Wilson Gomes
DUAS OU TRÊS COISAS QUE SEI SOBRE OS NOVOS LIBERAIS BRASILEIROS
Faz já algum tempo que estou de olho nessa gente que se autodenomina liberal e que vai se multiplicando por aí. Há também quem se chame libertário, libertarianista, ultraliberal, mas é tudo família. Não adianta dizer que eles sempre estiveram aí, pois um dos seus dogmas é que não havia partidos, candidaturas ou políticos liberais, "true liberals", no Brasil.
E é inútil dizer que são de direita, pois contra isto eles empregam outra vacina argumentativa: todo liberal, os libertários principalmente, adora reproduzir memes, piadas e deboches em que direita e esquerda se matam. Eles estariam acima e além da contraposição entre essas posições ridículas e igualmente estatistas da direita e da esquerda.

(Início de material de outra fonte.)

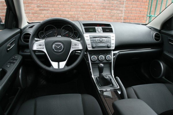 Kritika illeti azonban a Mazda6 belterében felhasznált egyes műanyagokat. Sokak szerint finomabb, kevésbé kopogós borítás illene a műszerfal bizonyos részeire. Szerintem a manapság már túllihegett tapintási érzetnél fontosabb volna, hogy tíz év múlva is műszerfal maradjon, ne egy nyeszergő plasztikhalom. Mert ettől eltekintve a beltér és a kezelőfelületek kialakítása példás ergonómiáról tanúskodik. Jó szögben áll a kormány, pont megfelelő helyen a könyöktámaszok, pompásan beállítható az ülés és remek az üléspozíció. Élvezet innen dirigálni az izgatott vizslához hasonlóan élénk masinát, amely terhelésváltásra finoman, de igen határozottan megindítja fenekét, ezzel is segítve a még jobb kanyarvételt. A sportos futómű mellett ez a kellemesen későn beavatkozó menetstabilizálónak is köszönhető. Érezni, előbb egy önmagában is kiváló futóművet alkottak, és azt finomhangolták később biztonsági elektronikával.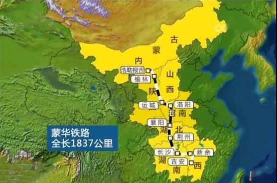 蒙华铁路全长1837公里,起点为内蒙古浩勒报吉,终点为江西吉安,纵贯蒙、陕、晋、豫、鄂、湘、赣七省区,年输送能力2亿吨以上,是世界上一次建成里程最长的重载铁路、中国规模最大的运煤专线。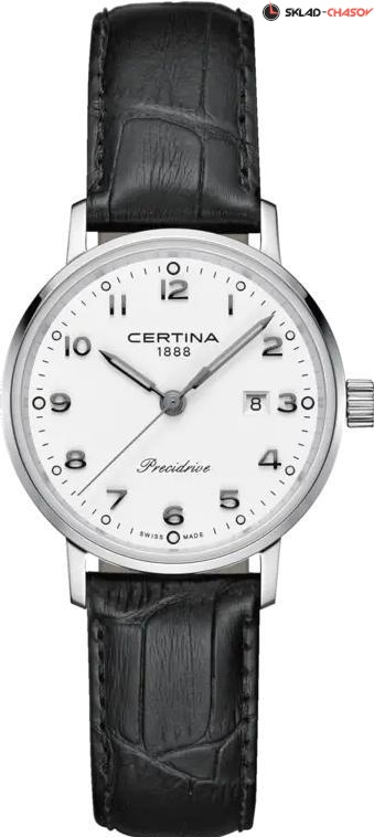 Женские наручные часы Certina DS Caimano C035.210.16.012.00. Точный кварцевый механизм с аналоговой индикацией. Корпус изготовлен из высококачественной нержавеющей стали 316L с высокими антикоррозийными свойствами. На стрелки и отметки нанесен светонакопительный состав, благодаря этому считывать информацию с циферблата возможно и в темноте. На циферблате отображается текущее число месяца. Ремешок изготовлен из кожи. Сапфировое стекло. Искусственно изготовленное стекло с высокой прочностью и устойчивостью к царапинам. Часы являются водонепроницаемыми до 10 Бар. Цвет корпуса: Серебристый. Цвет циферблата: Белый. Ширина (с заводной головкой): 28мм. Толщина: 7мм. Гарантия: 2 года.

Nas mídias sociais mais descoladas, você vai encontrar uma porção de novos liberais, em geral jovens e muito cientes da sua extrema novidade. Tem um monte deles no Twitter, alguns considerados dos maiores influenciadores políticos do país. E no Facebook, além dos perfis, há um monte de páginas de libertários e assemelhados. Confira aí. Nestas eleições, em muitos lugares apareceram candidatos que se apresentavam como "os autênticos liberais". E, não sei se vocês notaram, temos pelo menos dois partidos, na sorveteria política brasileira de 35 sabores, que reivindicam ser liberais até a medula: o Novo e o PSL repaginado pelo Instituto Liberal, que saltou de 23 para 30 prefeitos. Ainda fazem mais sucesso em mídias sociais do que nas urnas, mas convém não perder-lhes de vista.
Infelizmente, os novos liberais brasileiros são aquele tipo de mercadoria que se você comprar pelo que efetivamente vale e vender pelo que ele pensa que vale, o lucro deve dar uns 1.000%. Quando você tem paciência para acompanhá-los por um tempo, vai descobrir que se alimentam de uma papa de autocomplacência intelectual embaraçosa. Na verdade, consideram-se intelectualmente superiores à paçoca política brasileira, o que é um jogo facílimo se você selecionar para se contrapor apenas discursos e posições da esquerdinha tradicional, remotamente marxista e cheia de dogmas, e da direita brucutu no padrão Bolsonaro e Malafaia. Quem se confronta com caricaturas, só pode parecer brilhante. Retirado o que há de "blasé" em enfrentar lagartixas se achando São Jorge diante do dragão, não vai encontrar mais que meia dúzia de lugares-comuns e dogmas. E preconceito.
De forma muito semelhante aos "pensadores críticos" da esquerdinha tradicional, que estes odeiam, vivem de citações e autores. Você tropeça neles. No Brasil, a Santíssima Trindade são Ludwig von Mises (1881–1973), Friedrich Hayek (1899–1992) e Milton Friedman (1912–2006). Servem para endossar frases de efeitos e para exalar um ar de grandes filósofos. No verdadeiro pantheon da Filosofia, contudo, são nanicos, acreditem. Podiam citar Zé das Couves e Chiquinho das Batatas, em austríaco claro (Joseph Kohl & Franz von Kartoffeln), que a função de espanta-ignorante seria cumprida do mesmo jeito. Do alto da sua imensa autoridade autoconcedida, grande parte da diversão dos novos liberais é declarar a imbecilidade de um (nunca leu Mises nem Olavão) e a esquerdopatia de outro, e fazer bravatas como desafiar para um debate sobre economia e os arcanos do universo. Retirados os poleiros (aliás, bem baixinhos) em que se assentam, não lhes sobra mais que dogmas, frases de efeitos. E preconceito.
Curiosamente, quando você espreme os novos liberais não encontra muito liberalismo político. Só uma lenga-lenga velhíssima contra o Estado e pelas liberdades. Retire-lhe as citações e as caricaturas que tentarão fazer de você ("esquerdista" é o "feio, chato e bobo" da sua maturidade pre-escolar) e o que vai sobrar será simplesmente um conservador antiestatista. O novo liberal brasileiro é basicamente isso: 1) um portador de um conservadorismo seboso, adversário iliberal de direitos sociais e garantias. Alguns, mais que conservadores são reacionários; 2) um antiestatista em seu mais extremo radicalismo (e, portanto, contraditório); 3) um sujeito consumido pelo ódio pela esquerda. Segundo eles, desde que você seja antiestatista, você pode até ser progressista, mas, nos três anos que os observo nunca vi um "novo liberal progressista" nestas plagas. Estou pensando em dar um rolé em Viena para ver se acho um. Aqui, só conservadores babosos repaginados num discurso antiestatista descolado tirando onda sobre a parte mais caricatural da esquerda. Ponto.